Luke Mahler received this year’s Fisher Award, given by the Society for the Study of Evolution for the best paper emanating from a Ph.D. thesis published in Evolution in the preceding year. Mahler asked “what is the trigger for adaptive radiation?” and answered, “ecological opportunity”: a wealth of evolutionarily accessible resources (from Schluter). This leads to the prediction that the pace of adaptive radiation is regulated by competition, and is thus diversity-dependent. This hypothesis has been tested greatly in recent years by seeing if the rate of species diversification decreases through time as a clade radiates. But, Mahler argued, counting species is not enough—rather, we need to focus on patterns of diversification in adaptive traits.

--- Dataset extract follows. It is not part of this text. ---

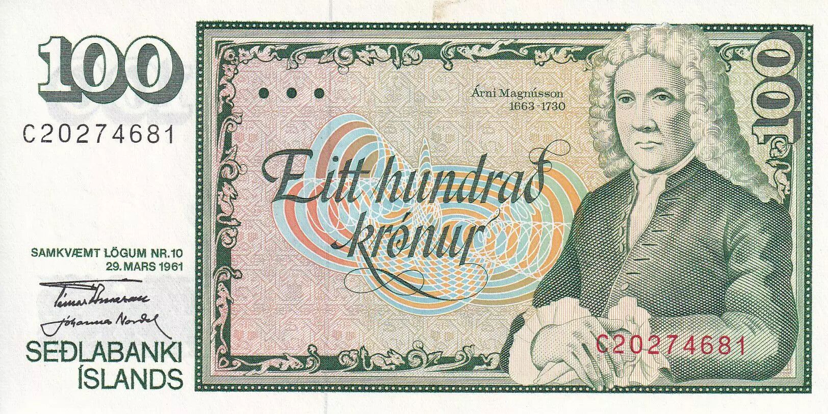 Banknote Iceland 100 Kronur - Arni Magnusson - 1961 - UNC - P.50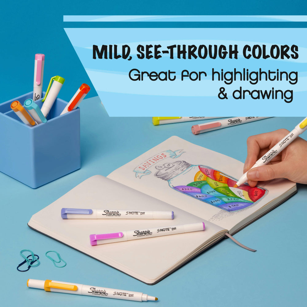 Enciende tu imaginación con los marcadores creativos de doble punta Sharpie S-Note Duo. Son versátiles y divertidos, y sirven tanto como marcadores artísticos como resaltadores, y añaden un toque de color a tus notas, subrayados, dibujos y mucho más. Un extremo de estos marcadores para colorear tiene una punta fina y redonda, mientras que el otro es una punta biselada versátil, que te permite cambiar fácilmente entre líneas finas y trazos amplios. Mientras tanto, la tinta que no se corre mantiene tu trabajo con un aspecto limpio. Estos marcadores para dibujar vienen en un caballete vertical, para que puedas identificar y cambiar rápidamente de color. ¡Da rienda suelta a tu creatividad con Sharpie S-Note!

Focusing on Greater Antillean anoles, Mahler asked whether rates of ecomorphological diversification decline as the number of species on an island increases. Testing this hypothesis requires estimating historical ecological opportunity (EO) by inferring ancestral species richness on an island and estimating rates of morphological evolution at ancestral nodes and how they changed as a function EO. To do this, Mahler and co-author Liam Revell developed at maximum likelihood approach to infer ancestral states incorporating uncertainty on the reconstruction of ancestral biogeographic locations.
The result is strong support for the ecological opportunity model. Rates of ecomorphological evolution are high early in anole radiation, but decline with increasing species richness.